Lo que jamás imaginé es que ese hombre al que admiraba desde lejos, con quien acababa de chocar como una torpe ardilla con uniforme…volvería a cruzarse en mi vida.
Y esta vez, no sería un simple “permiso, señor”.
Esta vez, yo sería sus ojos....
------------------
—No te preocupes, campeón, este súper vendaje tiene poderes mágicos —le dije al niño de seis años que lloraba como si le hubieran amputado la pierna, cuando solo tenía un raspón en la rodilla por jugar fútbol en el pasillo de su casa.
Hice lo que siempre hago con los niños:
curita + chiste + sticker de dinosaurio = casi medicina NASA.
—¿Magia? ¿De verdad? —preguntó él, ojos redondos y mocoso nivel 3.
—Comprobado científicamente por mí misma —susurré, mirando a los lados como si fuera secreto de estado—. Pero shhh… si lo cuentas, pierde el efecto.
Funcionó. Sonrió, secó lágrimas y hasta me regaló un “gracias, enfermera pelirroja”.
Mientras el niño se iba saltando como si nunca hubiera llorado, escuché detrás de mí:
—Eres la única enfermera que cura con chistes, curitas y magia reciclada. ¿Me puedes aplicar una dosis triple?
Sonreí, esa voz la reconocería incluso con tapabocas, casco y antifaz: Fiorella, mi mejor amiga, estudiante de medicina, futura pediatra y especialista en dramatizar como si viviera en una telenovela turca, nos conocimos en la universidad y ahora hacemos nuestras practicas juntas en el hospital.
—Fiorella, pensé que estabas en prácticas en urgencias —dije dándole un abrazo.
Ella, alta, rubia, con ojos expresivos y pelo liso perfecto —yo digo que su cabello tiene pacto con el diablo— me miró con media sonrisa traviesa.
—Me escapé diez minutos, necesitaba ver tu cara de “soy pobre pero optimista”, me sube el ánimo —bromeó.
—Es mi marca personal —contesté sacando pecho—. Como Chanel, pero versión barrio humilde.
Fiorella rodó los ojos y me dio un codazo.
—A propósito, te vi hace rato casi chocando con él.
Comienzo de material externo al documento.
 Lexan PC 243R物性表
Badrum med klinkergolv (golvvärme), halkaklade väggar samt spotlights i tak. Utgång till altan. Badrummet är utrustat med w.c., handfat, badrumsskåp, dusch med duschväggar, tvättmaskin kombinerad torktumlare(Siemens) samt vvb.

Mi respiración hizo pausa dramática número 1.
—¿Con quién? —pregunté, fingiendo inocencia nivel actriz de colegio.
—Aurora, por favor, no te hagas la santa con Alessandro Falconi.
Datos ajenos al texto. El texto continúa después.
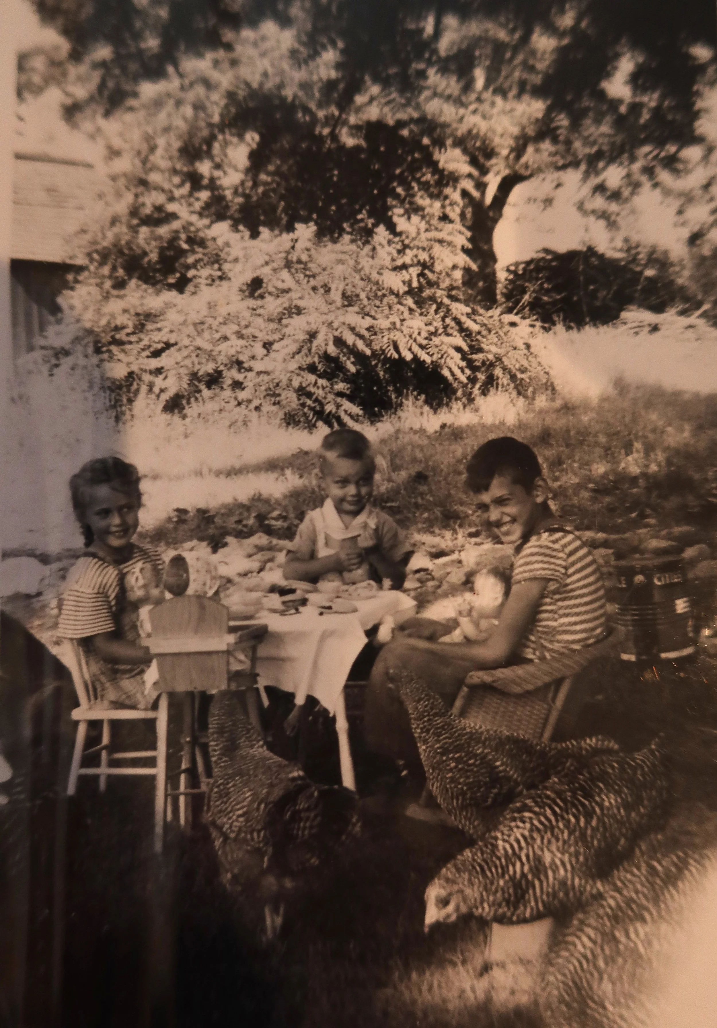 Elizabeth and her brothers Richard and Robert having a picnic on the farm, c. 1948.
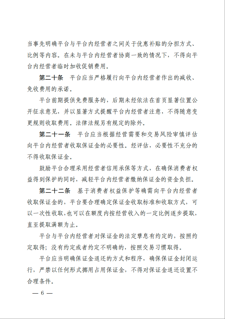 《指南》规定平台不得向平台内经营者重复收费,不得只收费不服务、少服务,不得转嫁应当由平台自身承担的费用,不得向平台内经营者收取提供其基础经营数据的费用,不得强制或者变相强制平台内经营者购买服务或者参加推广、促销活动并收费,不得利用不合理的保证金等形式变相收费或者提高收费标准,不得对具有同等交易条件的平台内经营者实行价格歧视等。
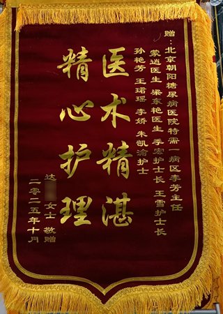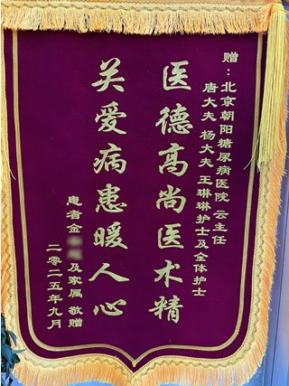 2025年第四季度,北京朝阳糖尿病医院收到锦旗10面,患者感谢信数百封
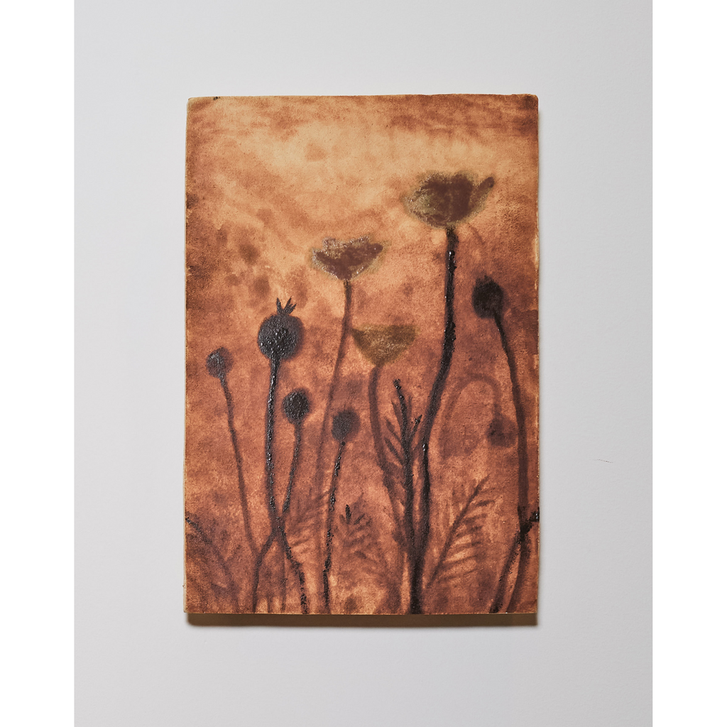 Glaze painting on stoneware and custom frame made by the artist.

El dueño del hospital, el dios griego con cuenta bancaria y ego del tamaño de Europa.
—Oh… eso —dije, sintiendo mis pecas querer esconderse—. Sí, tuvimos un pequeño encontronazo, literalmente, casi lo atropello con una caja.
—¿Y te habló? ¿Te miró? ¿Te sonrió? ¿Te propuso matrimonio? ¡Dame detalles! —pedía como perrito con croquetas.
—Me… dijo “ten más cuidado”. —Hice una imitación exagerada en tono frío—. Nivel iceberg.
Fiorella se tapó la boca, muriéndose de risa.
—Aurora, amiga del alma, escucha: Alessandro no sonríe, él aprueba o desaprueba, es su idioma oficial y no te ilusiones, es guapo, sí… pero también es un playboy certificado.
—No creo que alguien que dona para becas y construye hospitales sea tan superficial —respondí, defendiendo a mi héroe idealizado.
Fiorella levantó una ceja, modo “te voy a desilusionar por tu bien”.